Года два назад, в самом начале лета, ко мне пришел мальчишка и сказал: «Зовет профессор». Мой коллега, лет на пятнадцать старше, преподавал в университете, кандидат исторических наук. В последнее время живет бобылем, болеет, редко появляется на людях, поэтому я с неким любопытством к нему направился.

Я ожидал удрученности во всем. Нет, всюду порядок, и в доме чистота, и сам профессор бодр, или хорохорится.

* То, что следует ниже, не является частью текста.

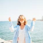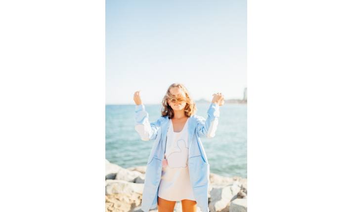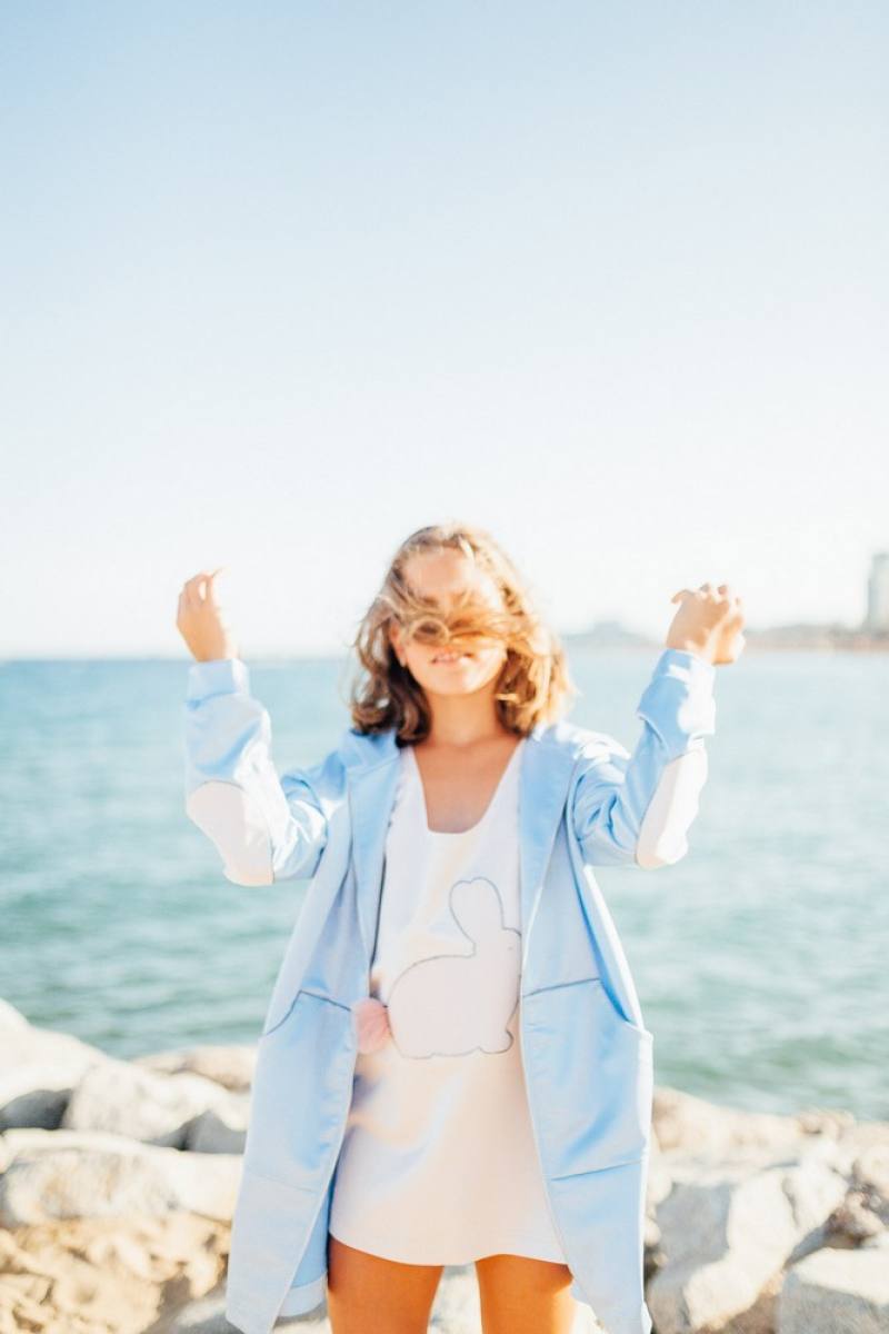 Camisa de atlas de color azul celeste con capucha y bolsillos con una aplicación de conejito en la espalda, tallas 3-12. Es muy elegante y moderno al mismo tiempo, y es una opción ideal para un paseito tranquillo por la playa al atardecer.

— Так, — без особых церемоний и предисловий он сунул мне толстые старые папки «Дело», каких я уже лет двадцать не видел. — Я очень прошу, доработай, обработай и опубликуй — ты ведь нынче писатель.

— Гм, — невольно усмехнулся я, — под чьим именем?

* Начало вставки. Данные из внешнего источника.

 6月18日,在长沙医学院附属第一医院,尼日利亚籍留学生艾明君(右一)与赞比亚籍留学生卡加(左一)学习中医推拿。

— Под своим, чужим, любым, но только не моим. Понял? Это непременное условие.

— Тут, наверное, история? А какой же я историк, — попытался я возразить.

Но он был суров и категоричен.

— В том-то и дело, что история. А у истории не может быть автора, она общечеловечна.

— А как же публиковать без автора?

— Поставь свою, если неловко — любую, псевдоним, но только не мою. Прошу, требую, не указывай нигде моего имени. Договорились? — он подал руку и, глядя в глаза: — Я еще кое-какой материал додам. Работы много, — он явно выпроваживал меня. Я с удовольствием быстро ушел: от сигаретного дыма не продохнуть, ну и хотелось рукопись посмотреть.

Смотрел — страничку-две. Написано авторучкой, чернилами, на дешевой бумаге; слова местами размылись, есть кляксы. А почерк, вроде ровный, да мелкий, трудно читать, к тому же столько исправлений, вставок. А я над своей рукописью мучаюсь, так что бросил я «дела» профессора в угол, забыл. Однако через пару недель вновь мальчишка на велосипеде у ворот стал, не уважить взрослого нельзя. По пути я выдумывал, что скажу в оправдание, но говорить ничего не пришлось, профессор по моему виду сразу все понял, и на его лице появилась такая досада страдания, боли и разочарования, что, видно, во мне что-то еще было, и я сходу выпалил: «Все сделаю, сделаю, опубликую». С этим ушел, а как только изможденное лицо осталось за забором, я подумал, зачем мучиться, отдам машинистке, пусть набирает, тогда поглядим. Но до этого надо все просмотреть, систематизировать, хотя бы страницы правильно пронумеровать, а то столько сносок, ссылок, каких-то приклеенных обрывков из разной бумаги. Пригляделся, а это листки библиотечных требований, и что я вижу — «Ленинка», библиотека РАН, центральный государственный архив. Это все Москва и Петербург, а потом Ташкент, Баку, Тбилиси, Тегеран, Тебриз, Анкара, Стамбул, Каир, Махачкала, Астрахань и даже Дербент. Вот это да! Профессор! Где только не побывал. Столько библиотек!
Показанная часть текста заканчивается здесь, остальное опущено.